Обед был царский – отбивные котлеты, куры, борщ с пупками, с печенками, пломбир, печкинские сливы с индюшечье яйцо, и – брага вроде самогона. Жрать хотелось, но в этом доме я не тронул ни кусочка: дожирали стариков моих, прошлое в меня глядело. Я сослался на строгую диету, – пробит кишечник! – ржаные сухари, да редька, да полосканье спиртом. Очень удивились и дали редьки. Грыз ее и плакал, под примочку. Думал, как бы стариков увидеть. К "допингу" прибегнуть? Нет вернее. И не ошибся. Они исправно жрали. Я подгонял на брагу, спирт в резерве. Крепок я на спирт. Они совели. Я предлагал за Коминтерн, за "мировую", за особ… Ситик был в развале, галчонок копошился, зеленел, овцой воняло от его кожанки. Я развел им, по-сибирски, на 70, долил горячей, "по рецепту…" – назвал имя, – галчонок встрепенулся – и мы хватили! У Ясного глаза запели в небо. Ситик подавился. А я – под редьку. Поднял хлыст – "даешь Европу!" – и мы хватили, без отказу. Галчонка завертело от "Европы", он поднялся, зацепился шпорой. Я слышал только – "о, товарищ!.." – Куда-то утащился.

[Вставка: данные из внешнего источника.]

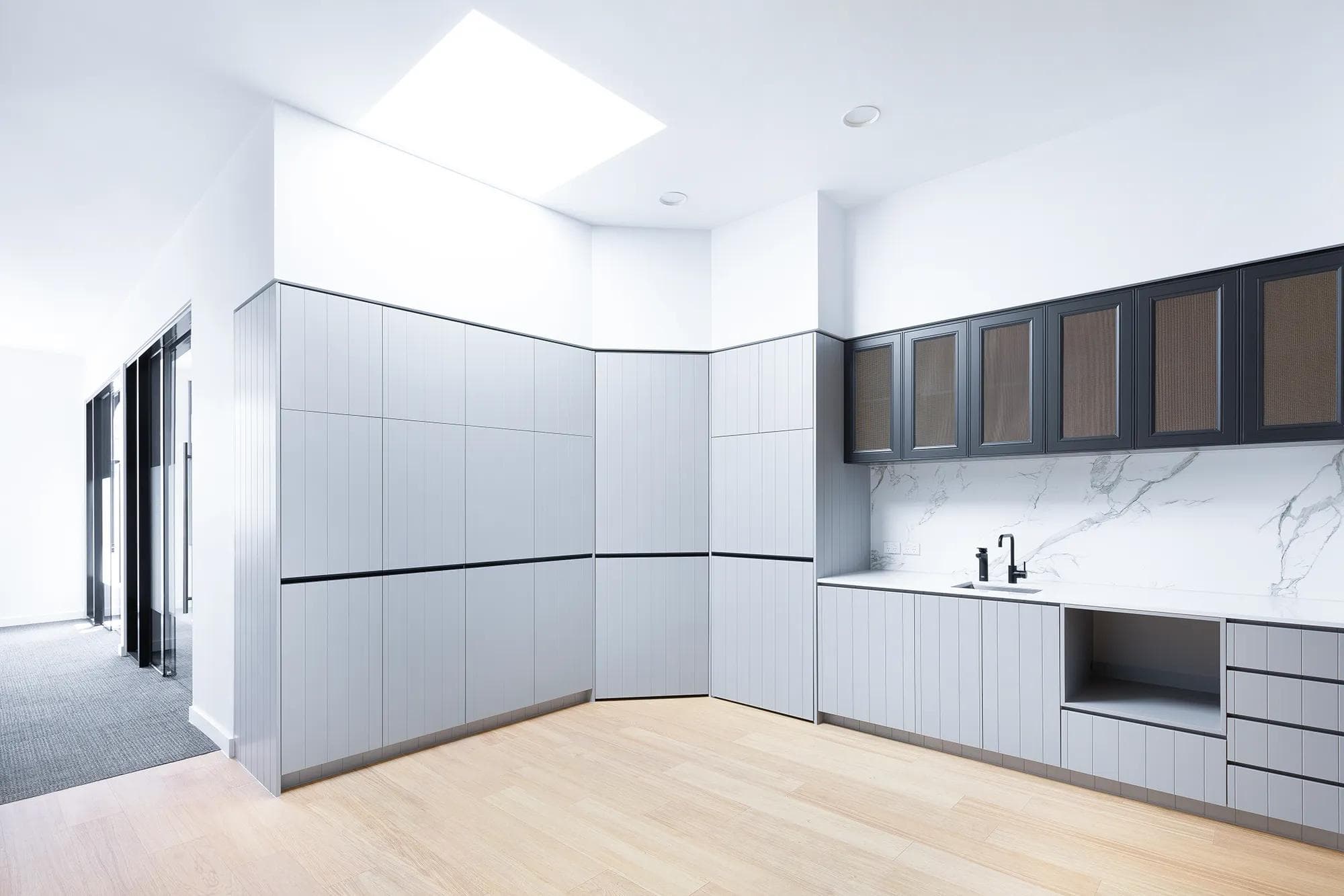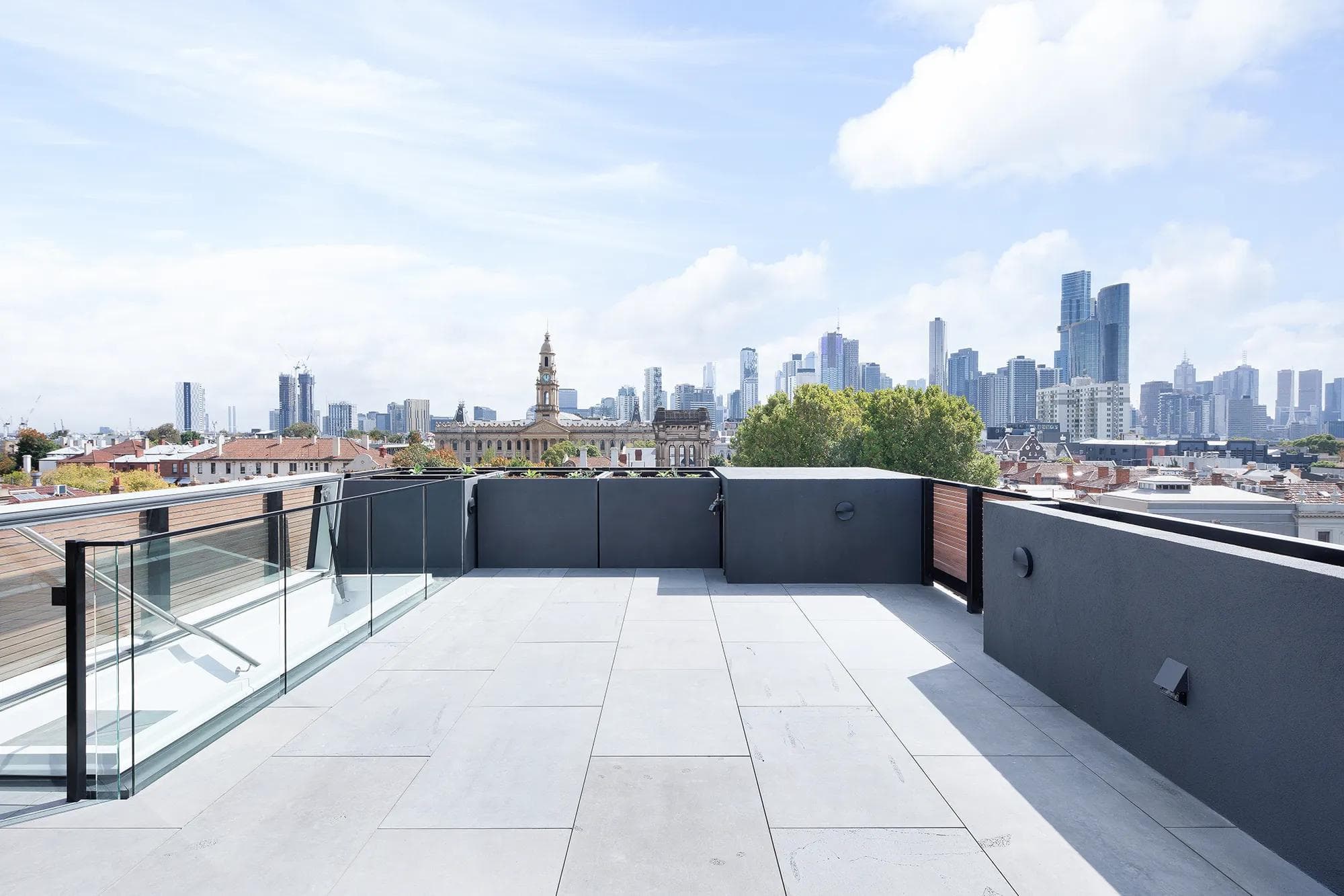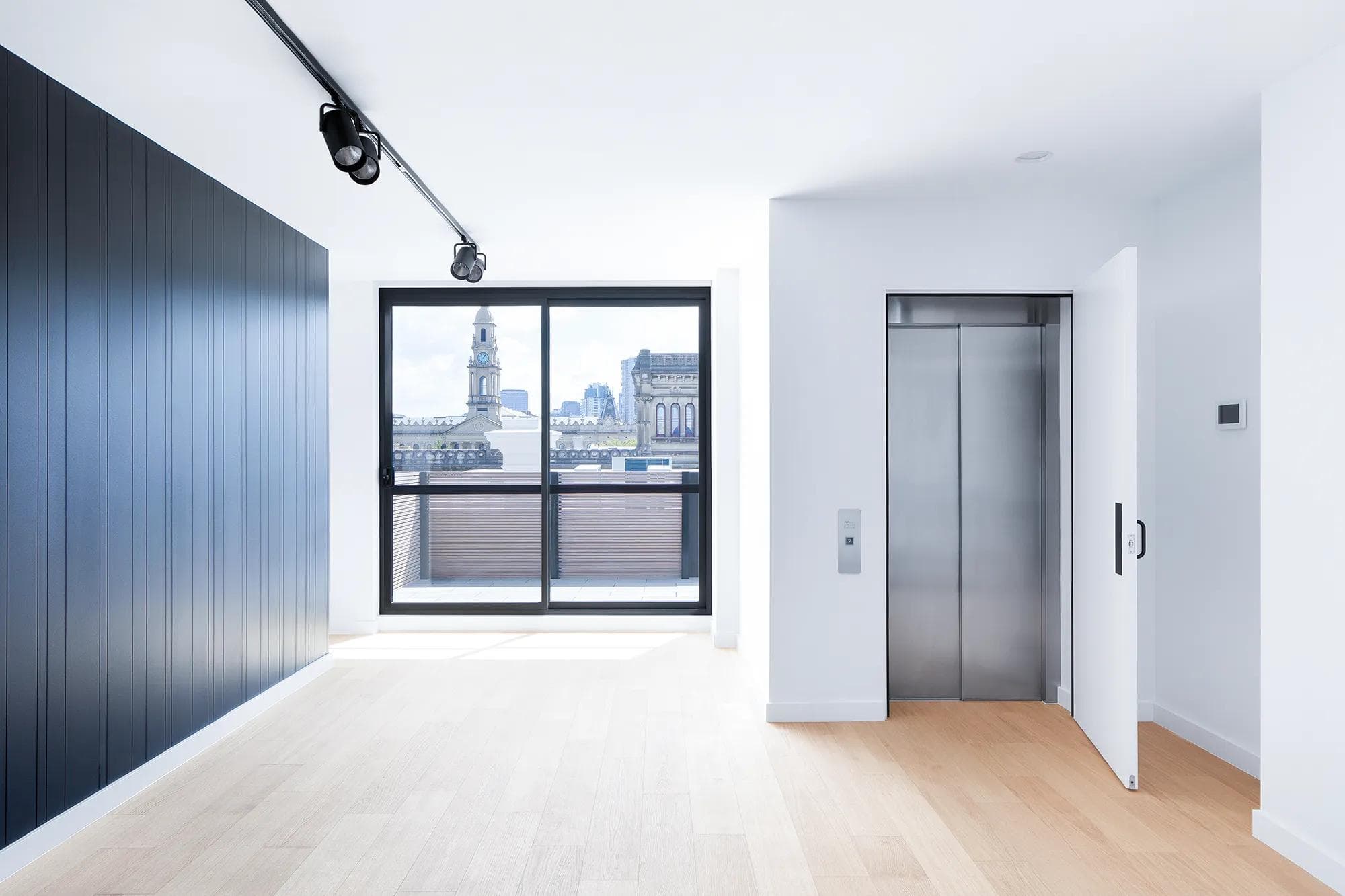 This Design & Construct contract for a mixed-use development involved the demolition of the rear of the existing building, and the construction of four levels; incorporating three office spaces, two high-end apartments, and a rooftop terrace. The building design retained the existing front and side facades, and whist introducing a new, modern structure. A motorised roof access hatch allows residents to escape to the rooftop terrace, which offers stunning views of the Melbourne city skyline. When closed, the glazed feature further serves as a skylight, flooding the penthouse apartment with natural light. The project team overcame major challenges with accessibility, as well as delays caused by COVID-19.
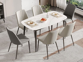 芝华仕 现代简约 E1级环保中纤板+6MM雪花白岩板+烤黑色五金铁管 盛夏光年1.4米餐桌
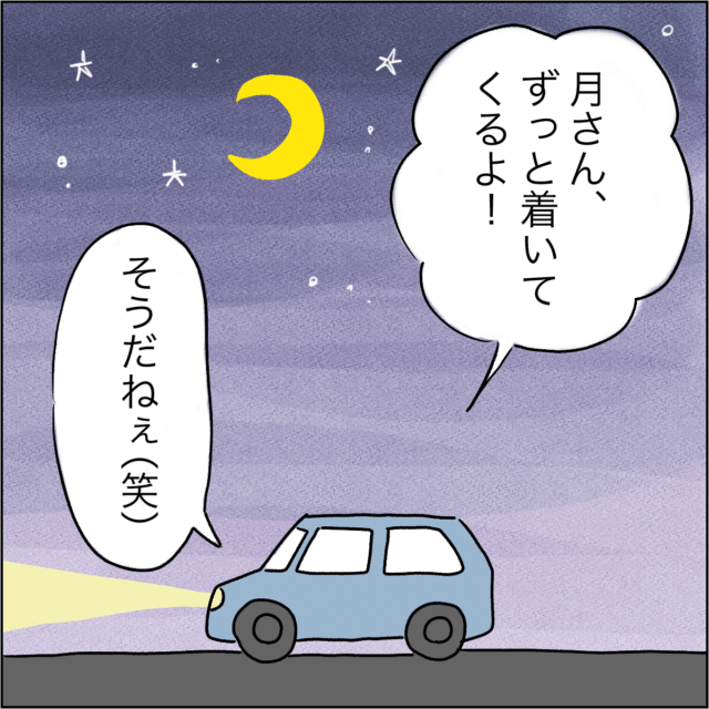 車に乗ってからも「月さん、ずっと着いて来るよ!」と月を気にしていました。

"Вы прикажите… лошади всегда… а я…" Ситик ушел куда-то.
"Очи" задремали. Я был свободен. Прошел по дому. Комнаты – пустыня. Сухая пальма, клетка без попугая, простреленный портрет митрополита в углу – мишень. Яблоки гнилые грудой, пузыри бычачьи – плавать. Комнатка "певуньи-канарейки". Одна кровать, матрас залитый, скоробленные сапоги, в грязи, бабий платок глазастый, гребень, мыльная вода в тазу, скверный запах помады кислой… Канарейка, Даша!.. Розовая ленточка у изголовья, – от образка осталась. Я пошел. Спальня Марьи Тимофевны, пустая комната, видно по стене, где был киот, – сосна светлее. Черные шнурочки от потолка, пятна на полу – от пролитой лампадки. В воздухе остался запах – пролитой печали?.. Внуков комнату увидел, с кружками цели, углем, с пульками в сосне от "монтекристо", и вспомнилось, как дед серчал, потом махнул рукой. Стрельбе учились, летом, – война была. Здесь жила надежда старика: "Оставлю дело, молодые будут…" Иссякли крови былого ярославца, ярославки светлой. Лица вспомнил, светлые глаза… Там храпят другие, пьяные глаза… "молдаван грузинский", аптекарь с пушкой… наследники! А, черт!.. В угол пустой смотрел я, где спали внуки, мальчики, – кровати изголовьями смыкались. "Ну, так и будет? – спросил я в угол. – Безоплатно?"… Угол этот раздвинулся, во всю Россию для меня тогда, в пустое… ответил жутью. В открытое окно я видел сад, уснувшие деревья, яблоньки кривые, точки яблок редких… и синичка близко где-то, за окном, пищала осенняя… Я поклонился в угол, пошел.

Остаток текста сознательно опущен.